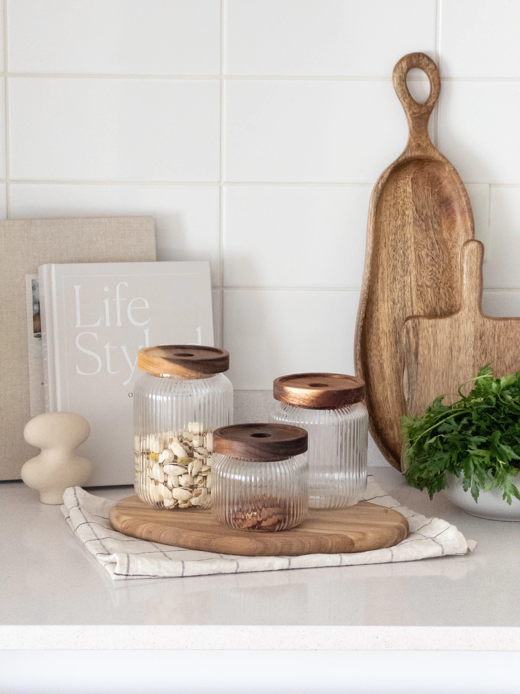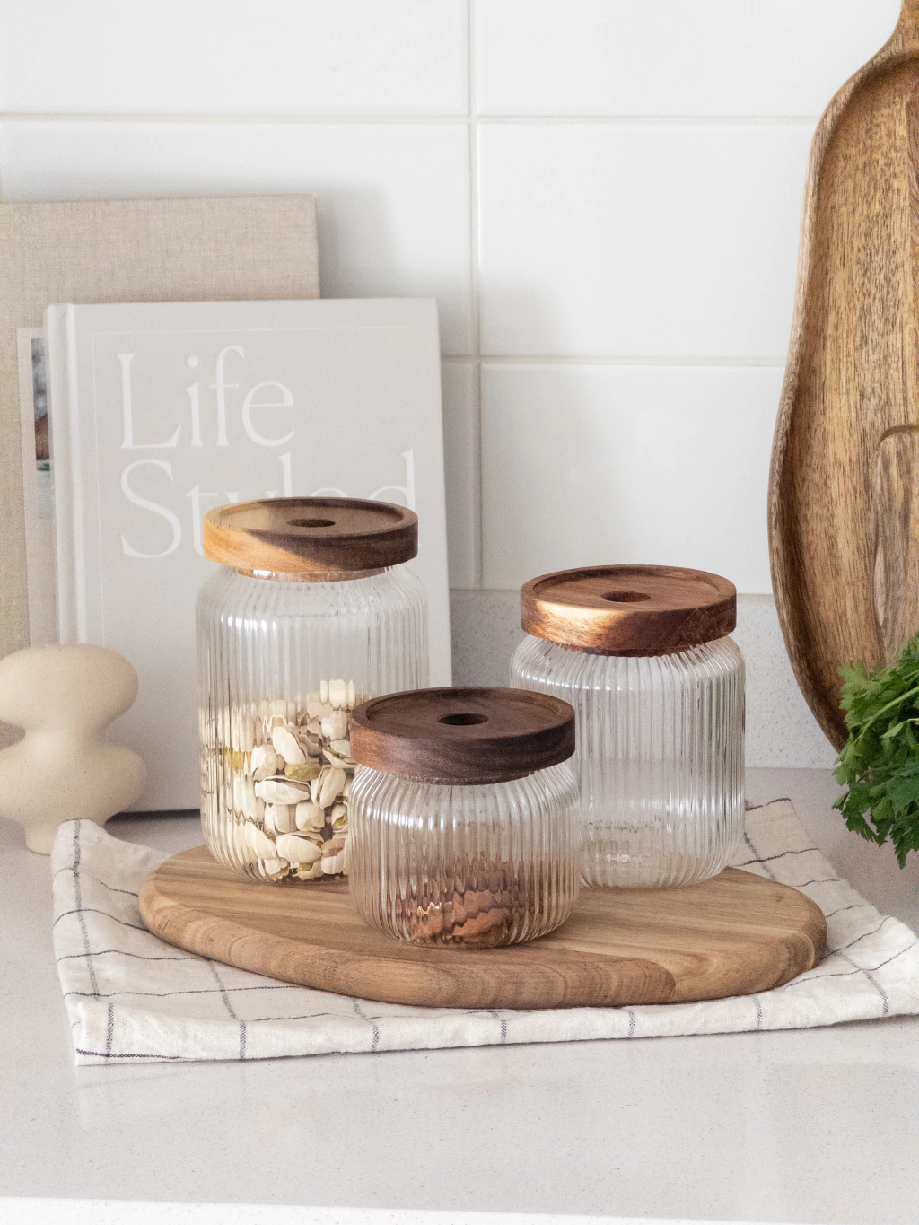 Set x3 contenedores de vidrio con relieve y tapa de madera, ideales para almacenar y mantener frescos tus alimentos.
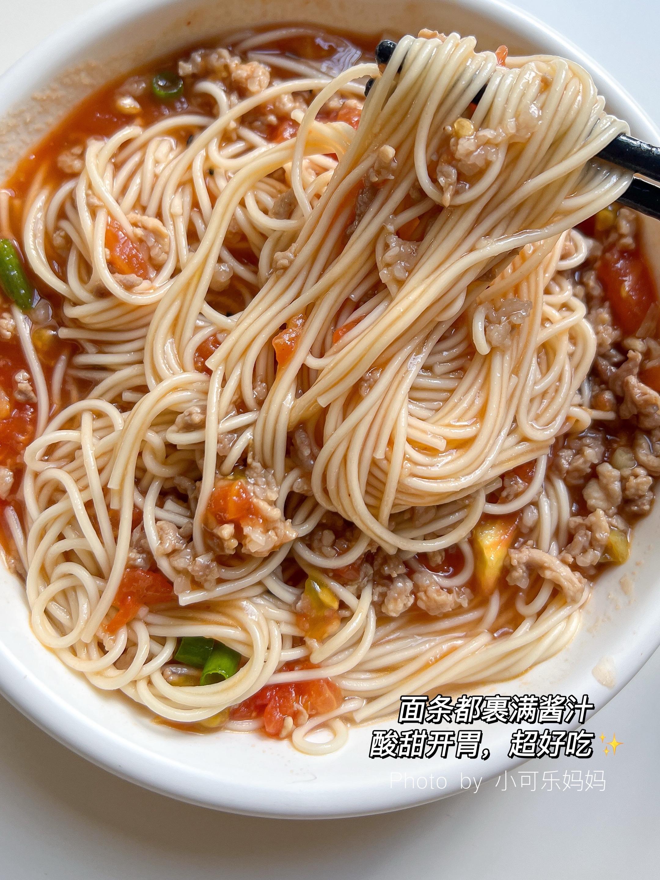 12m+番茄肉酱面🍅酸甜开胃 超好吃。今天做的这个番茄肉酱面,真的太...
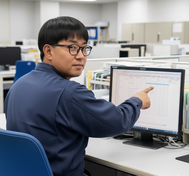 スマホ感覚でPCモニター指で押して説明する人
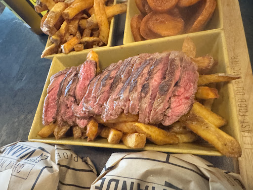 Une très belle découverte ! Nous étions sur l’A7 et souhaitions dîner hors de l’autoroute. Nous nous sommes arrêtés ici par hasard, alors que nous suivions la direction d’une enseigne de fast food beaucoup plus connue. La mise en avant du côté français de ce fast food nous a donné envie d’essayer. Résultat : personnel très accueillant, qui nous a servis après l’heure de fermeture, des burgers et des frites de très bonne facture, meilleurs que dans certains restaurants plus “chics” et dans tous les cas largement meilleurs que chez la concurrence McDo et BK. Les produits semblent très frais, le pain est bon même en toute fin de journée, le dosage garniture / viande / pain / sauce est idéal, les frites sont très bonnes,… Et tout ça pour le même prix que les autres enseignes. Pour moi c’est même bien au-dessus de 5 guys, pourtant très réputé, et bien plus cher. Je souhaite à cette enseigne de poursuivre son développement et son succès, en espérant qu’au passage les prix et la qualité resteront ce qu’ils sont...

### WORK INSTRUCTIONS
Please output exactly the lines of the data above, from its first line through the line with "スマホ感覚でPCモニター指で押して説明する人", and nothing else; drop the pictures.

### ANSWER TO THE PROBLEM
 Set x3 contenedores de vidrio con relieve y tapa de madera, ideales para almacenar y mantener frescos tus alimentos.
 12m+番茄肉酱面🍅酸甜开胃 超好吃。今天做的这个番茄肉酱面,真的太...
 スマホ感覚でPCモニター指で押して説明する人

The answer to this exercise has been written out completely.